(Records from a collection)
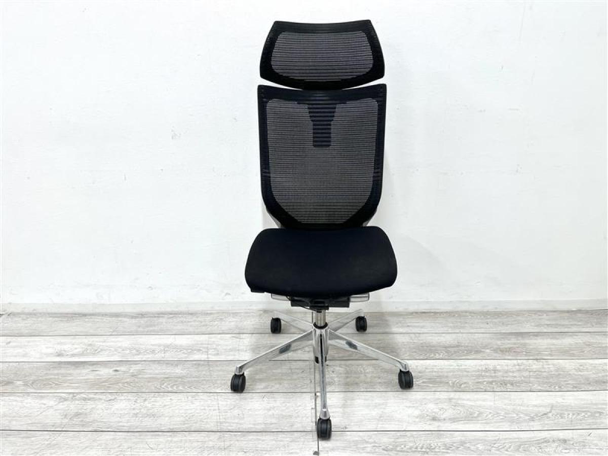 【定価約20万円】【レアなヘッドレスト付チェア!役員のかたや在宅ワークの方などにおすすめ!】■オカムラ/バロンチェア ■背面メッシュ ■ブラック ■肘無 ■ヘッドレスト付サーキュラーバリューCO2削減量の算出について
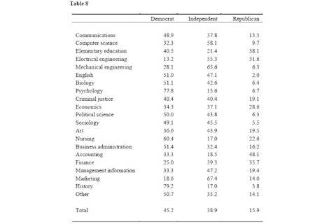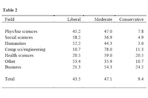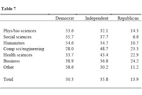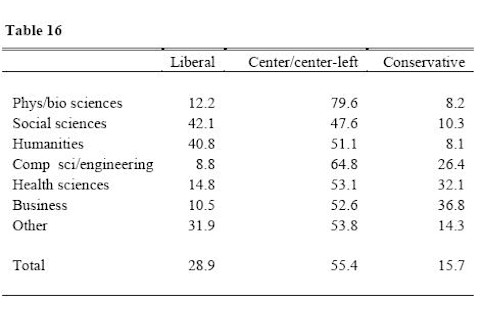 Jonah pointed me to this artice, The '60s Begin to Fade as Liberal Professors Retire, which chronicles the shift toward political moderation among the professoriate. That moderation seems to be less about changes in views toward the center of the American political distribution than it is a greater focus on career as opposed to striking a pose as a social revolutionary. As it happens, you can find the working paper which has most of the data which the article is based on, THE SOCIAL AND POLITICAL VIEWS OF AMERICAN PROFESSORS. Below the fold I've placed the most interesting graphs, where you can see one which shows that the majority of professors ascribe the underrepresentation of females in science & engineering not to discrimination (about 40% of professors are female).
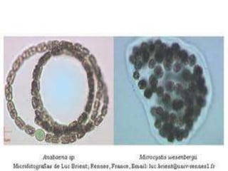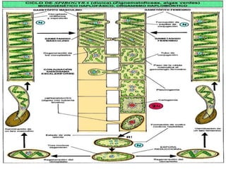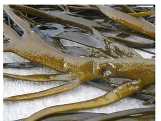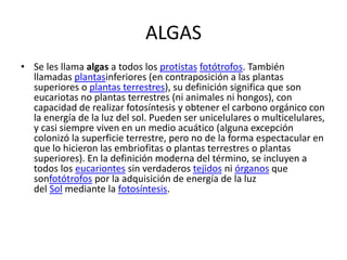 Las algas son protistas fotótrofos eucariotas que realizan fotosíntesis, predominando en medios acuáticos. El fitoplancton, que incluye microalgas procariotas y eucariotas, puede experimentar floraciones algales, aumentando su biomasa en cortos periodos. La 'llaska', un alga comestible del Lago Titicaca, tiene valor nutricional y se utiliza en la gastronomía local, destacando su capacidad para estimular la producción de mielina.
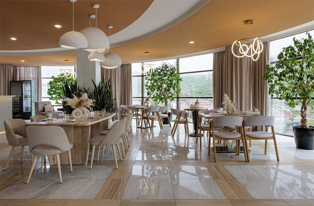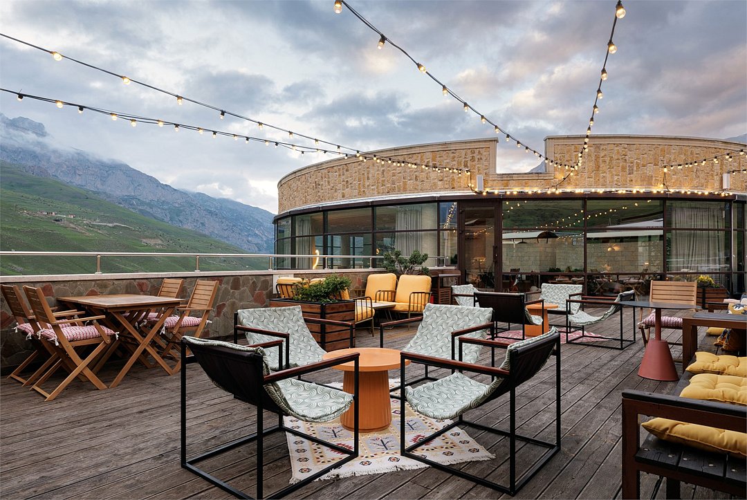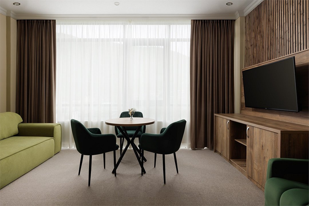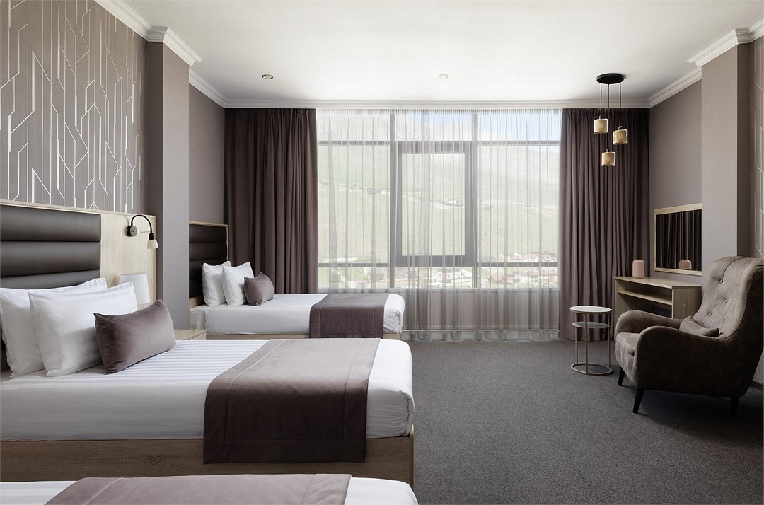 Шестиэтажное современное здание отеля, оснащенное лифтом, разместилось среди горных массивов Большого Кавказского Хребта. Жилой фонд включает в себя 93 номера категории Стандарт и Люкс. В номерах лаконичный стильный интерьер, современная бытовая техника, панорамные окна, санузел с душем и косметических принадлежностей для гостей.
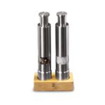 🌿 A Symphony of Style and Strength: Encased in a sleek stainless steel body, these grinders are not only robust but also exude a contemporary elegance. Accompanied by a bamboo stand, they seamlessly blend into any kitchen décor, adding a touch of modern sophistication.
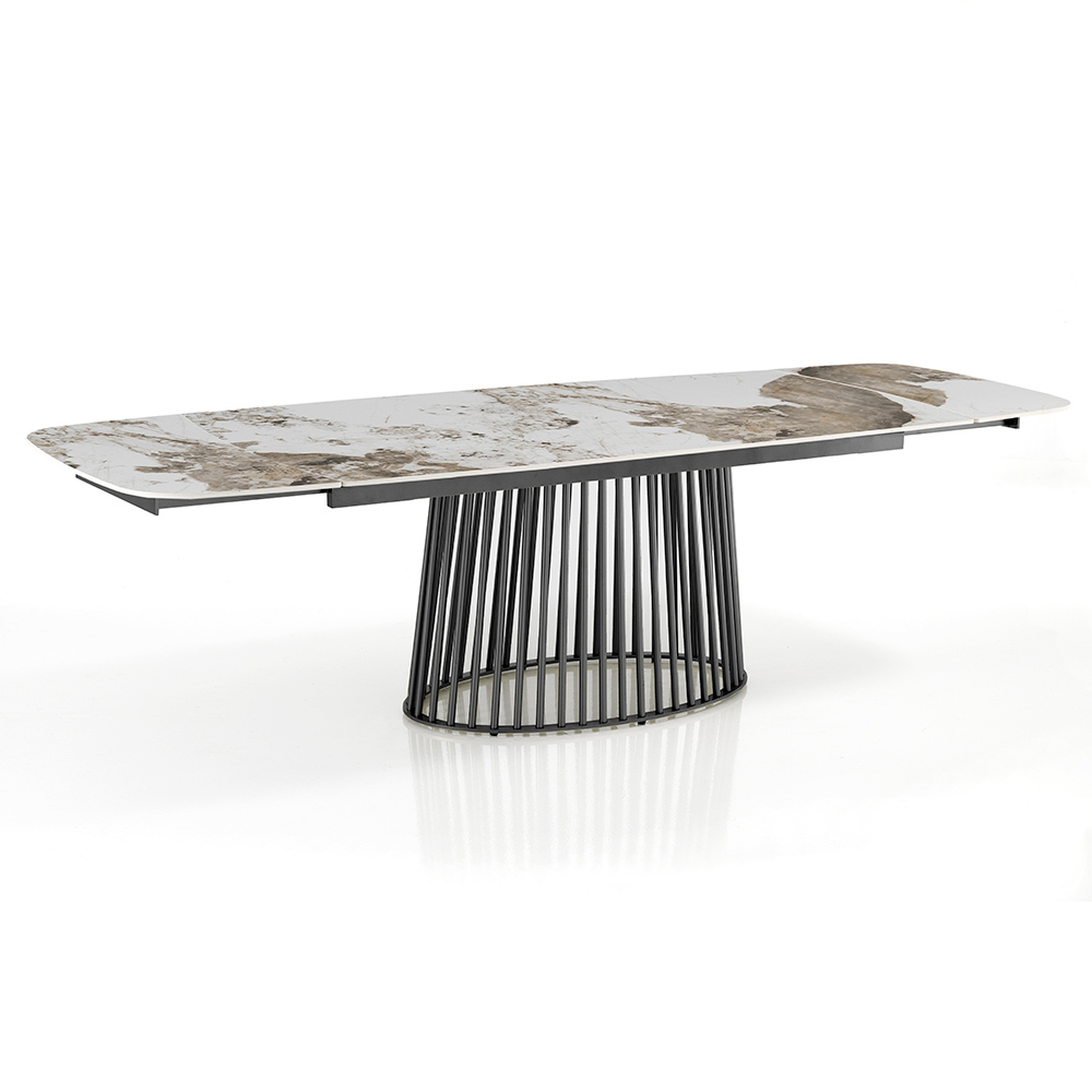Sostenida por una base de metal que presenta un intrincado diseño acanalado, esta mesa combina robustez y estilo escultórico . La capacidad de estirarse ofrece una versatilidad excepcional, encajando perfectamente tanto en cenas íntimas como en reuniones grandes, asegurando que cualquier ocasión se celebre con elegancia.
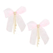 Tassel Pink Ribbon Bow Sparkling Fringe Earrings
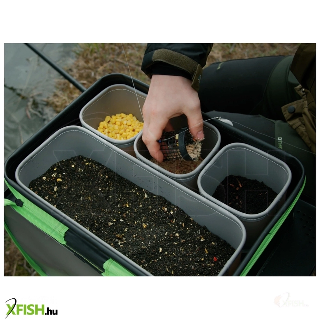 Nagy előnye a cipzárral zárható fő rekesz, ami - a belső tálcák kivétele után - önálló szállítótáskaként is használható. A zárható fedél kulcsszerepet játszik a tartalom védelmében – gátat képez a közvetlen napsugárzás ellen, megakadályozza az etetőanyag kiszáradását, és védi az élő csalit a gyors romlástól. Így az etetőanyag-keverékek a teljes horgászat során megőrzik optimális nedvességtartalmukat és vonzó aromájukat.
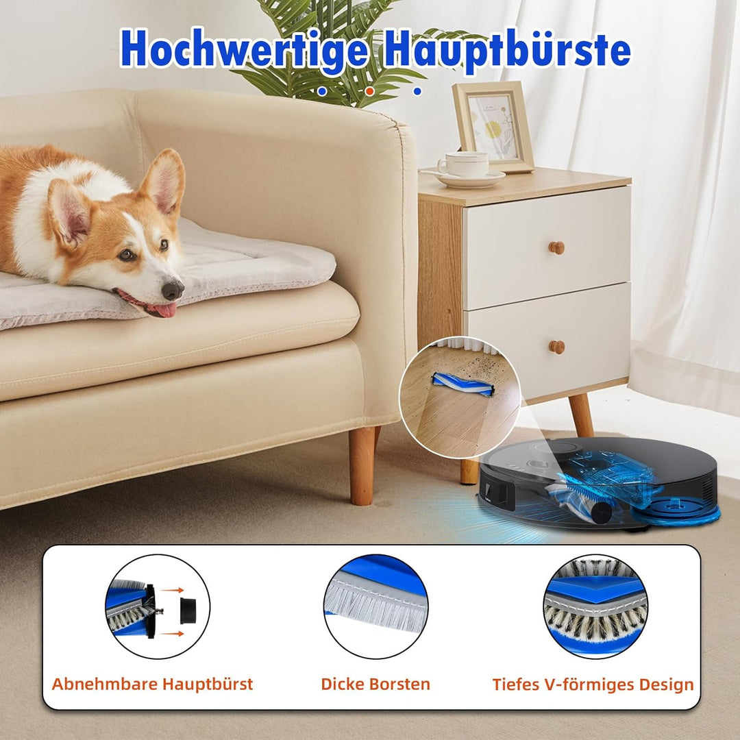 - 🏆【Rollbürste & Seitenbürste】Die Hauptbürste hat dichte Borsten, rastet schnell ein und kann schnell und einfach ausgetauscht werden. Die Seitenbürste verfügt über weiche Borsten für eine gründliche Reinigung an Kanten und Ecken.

▶ **PROBLEM TO SOLVE**
Each entry should be transcribed exactly as given, with pictures omitted.

▶ **TASK SOLUTION**
 【定価約20万円】【レアなヘッドレスト付チェア!役員のかたや在宅ワークの方などにおすすめ!】■オカムラ/バロンチェア ■背面メッシュ ■ブラック ■肘無 ■ヘッドレスト付サーキュラーバリューCO2削減量の算出について
 Jonah pointed me to this artice, The '60s Begin to Fade as Liberal Professors Retire, which chronicles the shift toward political moderation among the professoriate. That moderation seems to be less about changes in views toward the center of the American political distribution than it is a greater focus on career as opposed to striking a pose as a social revolutionary. As it happens, you can find the working paper which has most of the data which the article is based on, THE SOCIAL AND POLITICAL VIEWS OF AMERICAN PROFESSORS. Below the fold I've placed the most interesting graphs, where you can see one which shows that the majority of professors ascribe the underrepresentation of females in science & engineering not to discrimination (about 40% of professors are female).
 Las algas son protistas fotótrofos eucariotas que realizan fotosíntesis, predominando en medios acuáticos. El fitoplancton, que incluye microalgas procariotas y eucariotas, puede experimentar floraciones algales, aumentando su biomasa en cortos periodos. La 'llaska', un alga comestible del Lago Titicaca, tiene valor nutricional y se utiliza en la gastronomía local, destacando su capacidad para estimular la producción de mielina.
 Шестиэтажное современное здание отеля, оснащенное лифтом, разместилось среди горных массивов Большого Кавказского Хребта. Жилой фонд включает в себя 93 номера категории Стандарт и Люкс. В номерах лаконичный стильный интерьер, современная бытовая техника, панорамные окна, санузел с душем и косметических принадлежностей для гостей.
 🌿 A Symphony of Style and Strength: Encased in a sleek stainless steel body, these grinders are not only robust but also exude a contemporary elegance. Accompanied by a bamboo stand, they seamlessly blend into any kitchen décor, adding a touch of modern sophistication.
Sostenida por una base de metal que presenta un intrincado diseño acanalado, esta mesa combina robustez y estilo escultórico . La capacidad de estirarse ofrece una versatilidad excepcional, encajando perfectamente tanto en cenas íntimas como en reuniones grandes, asegurando que cualquier ocasión se celebre con elegancia.
 Tassel Pink Ribbon Bow Sparkling Fringe Earrings
 Nagy előnye a cipzárral zárható fő rekesz, ami - a belső tálcák kivétele után - önálló szállítótáskaként is használható. A zárható fedél kulcsszerepet játszik a tartalom védelmében – gátat képez a közvetlen napsugárzás ellen, megakadályozza az etetőanyag kiszáradását, és védi az élő csalit a gyors romlástól. Így az etetőanyag-keverékek a teljes horgászat során megőrzik optimális nedvességtartalmukat és vonzó aromájukat.
 - 🏆【Rollbürste & Seitenbürste】Die Hauptbürste hat dichte Borsten, rastet schnell ein und kann schnell und einfach ausgetauscht werden. Die Seitenbürste verfügt über weiche Borsten für eine gründliche Reinigung an Kanten und Ecken.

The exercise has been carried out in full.